The executive and the legislative branches work together to make laws. When Congress passes a bill, the president has to sign it into law. After a law is passed, the executive branch does the day-to-day work of executing it. The judicial branch does not make laws, but they decide on cases that are in front of them and the impact of their decision can create a new law or force a law to be revised.

Which Branch of Government Enforces Laws?

Both the executive branch and judicial branch have responsibilities for enforcing laws. In the executive branch, departments like the Department of Justice (DOJ) and the Federal Bureau of Investigation (FBI) are responsible for ensuring the laws are followed. If someone makes a complaint, the judicial branch can decide if laws are being implemented the right way.

Which Branch of Government Interprets Laws?

The judicial branch sorts out arguments over laws. They'll decide if a law is constitutional, and they'll determine how it should be applied. However, the executive branch must also interpret the law and put it into practice because they're the ones that have to execute it and make sure everything runs properly.

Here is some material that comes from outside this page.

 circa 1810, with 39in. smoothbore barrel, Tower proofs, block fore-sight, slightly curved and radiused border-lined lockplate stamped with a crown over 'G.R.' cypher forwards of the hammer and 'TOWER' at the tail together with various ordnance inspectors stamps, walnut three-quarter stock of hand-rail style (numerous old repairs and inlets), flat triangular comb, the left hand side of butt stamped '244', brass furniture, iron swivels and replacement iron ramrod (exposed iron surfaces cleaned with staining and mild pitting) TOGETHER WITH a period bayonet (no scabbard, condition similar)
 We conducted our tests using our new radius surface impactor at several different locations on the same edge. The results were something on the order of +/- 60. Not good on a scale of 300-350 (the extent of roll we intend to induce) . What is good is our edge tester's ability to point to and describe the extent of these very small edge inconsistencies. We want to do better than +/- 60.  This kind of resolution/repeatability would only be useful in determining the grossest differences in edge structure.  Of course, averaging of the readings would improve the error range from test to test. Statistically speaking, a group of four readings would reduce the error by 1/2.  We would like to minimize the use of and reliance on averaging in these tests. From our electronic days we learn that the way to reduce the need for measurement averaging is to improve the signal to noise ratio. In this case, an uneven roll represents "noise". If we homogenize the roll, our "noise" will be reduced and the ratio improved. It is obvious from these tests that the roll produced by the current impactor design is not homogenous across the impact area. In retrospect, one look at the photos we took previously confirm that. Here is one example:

Does the President Have All the Power?

Although the president holds a lot of power, they don't have complete power. In order for something to become a law, Congress must vote on it before the president signs it into law. Congress can also override rules the president makes, and the judicial branch can decide if the president did not have the power to create the rule they made.

Who Is in Congress, and What Is the Difference Between the Senate and the House?

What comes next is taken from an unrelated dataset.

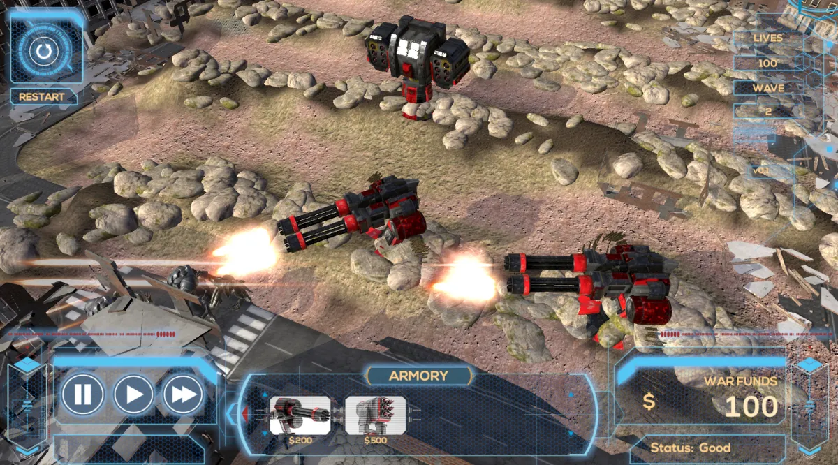 - Developed two turret types: one for targeting single enemies and another for attacking groups.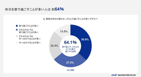 対して休日は、約64%が家で過ごす傾向にありました。家でくつろぐ時間が長いことが、住環境の整備に対する意識の高さにつながっていると推察されます。

Congress is divided into two parts, called the House of Representatives and the Senate. Each state, no matter how big or small, has two senators to represent its citizens in the Senate. Since there are 50 states, there are 100 senators.

In the House, each member is elected to represent a portion of their home state called an electoral district. There are 435 members in the House, and the number of elected representatives from each state depends on the total number of people living there. Members of the House keep their job for two years until they face another election, and members of the Senate stay in their position for six years until they have to get re-elected.

The House and Senate together are called Congress, and their main job is to create and pass bills into law. However, they do have a couple of differences:

  • The House can impeach, which means to accuse a person of an illegal act.
  • The Senate holds the hearing/trial on that accusation or impeachment.
  • The Senate also votes on presidential nominations to cabinet positions and Supreme Court justices.

How Do You Get Onto the Supreme Court?

First, you are nominated by the president. Then, the Senate, part of the legislative branch, votes on whether to give you the Supreme Court job. If the majority of the Senators vote for you, then you get to stay on the Supreme Court for the rest of your life (or until you choose to retire).